__Source data__:
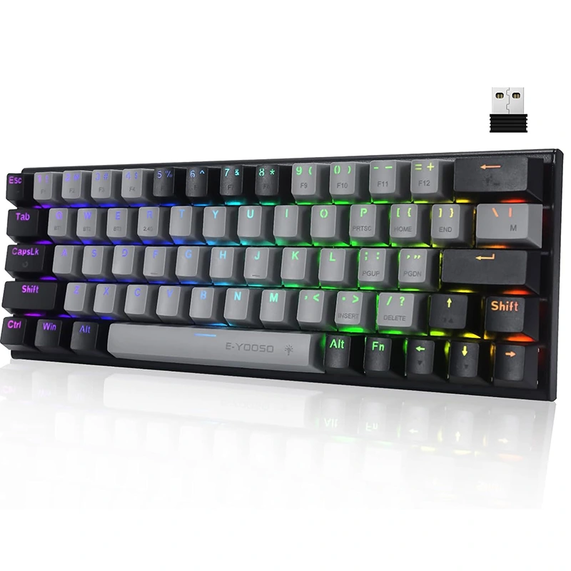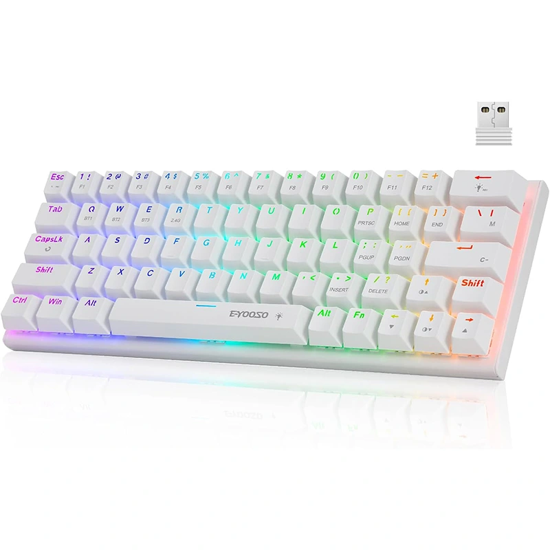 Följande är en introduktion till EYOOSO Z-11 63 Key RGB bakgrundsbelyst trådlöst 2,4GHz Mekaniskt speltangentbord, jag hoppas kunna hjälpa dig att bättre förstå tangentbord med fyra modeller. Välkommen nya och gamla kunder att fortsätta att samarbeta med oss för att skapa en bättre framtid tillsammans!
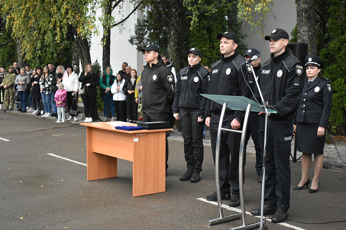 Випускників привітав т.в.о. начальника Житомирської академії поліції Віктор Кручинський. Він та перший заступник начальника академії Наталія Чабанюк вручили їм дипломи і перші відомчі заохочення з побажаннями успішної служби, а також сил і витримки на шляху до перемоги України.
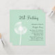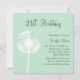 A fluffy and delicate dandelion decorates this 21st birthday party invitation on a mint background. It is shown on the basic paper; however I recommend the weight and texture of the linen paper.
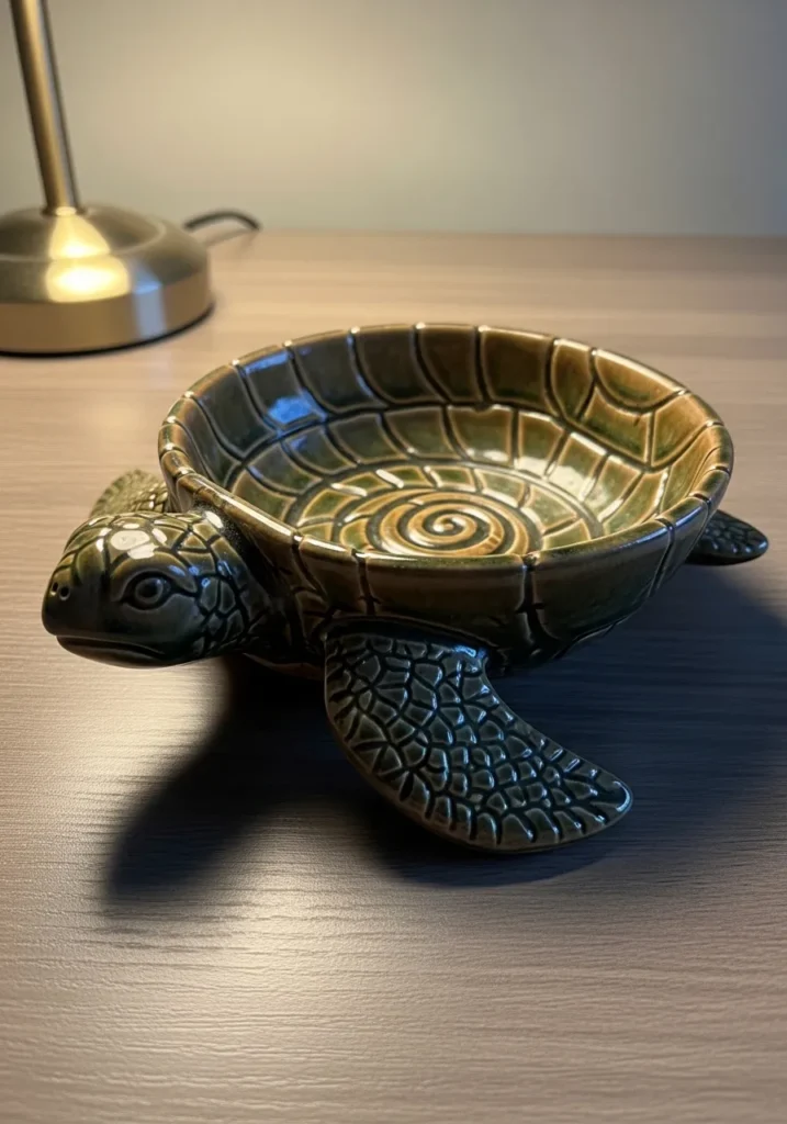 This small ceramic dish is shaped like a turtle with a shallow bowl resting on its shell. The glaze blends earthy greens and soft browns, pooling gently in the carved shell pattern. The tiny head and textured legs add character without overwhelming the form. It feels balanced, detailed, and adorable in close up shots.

__Work required__: Leaving every picture out, write out exactly the lines from the one that holds "A fluffy and" through the end of the listing, both included.

__Answer for this exercise__:
 A fluffy and delicate dandelion decorates this 21st birthday party invitation on a mint background. It is shown on the basic paper; however I recommend the weight and texture of the linen paper.
 This small ceramic dish is shaped like a turtle with a shallow bowl resting on its shell. The glaze blends earthy greens and soft browns, pooling gently in the carved shell pattern. The tiny head and textured legs add character without overwhelming the form. It feels balanced, detailed, and adorable in close up shots.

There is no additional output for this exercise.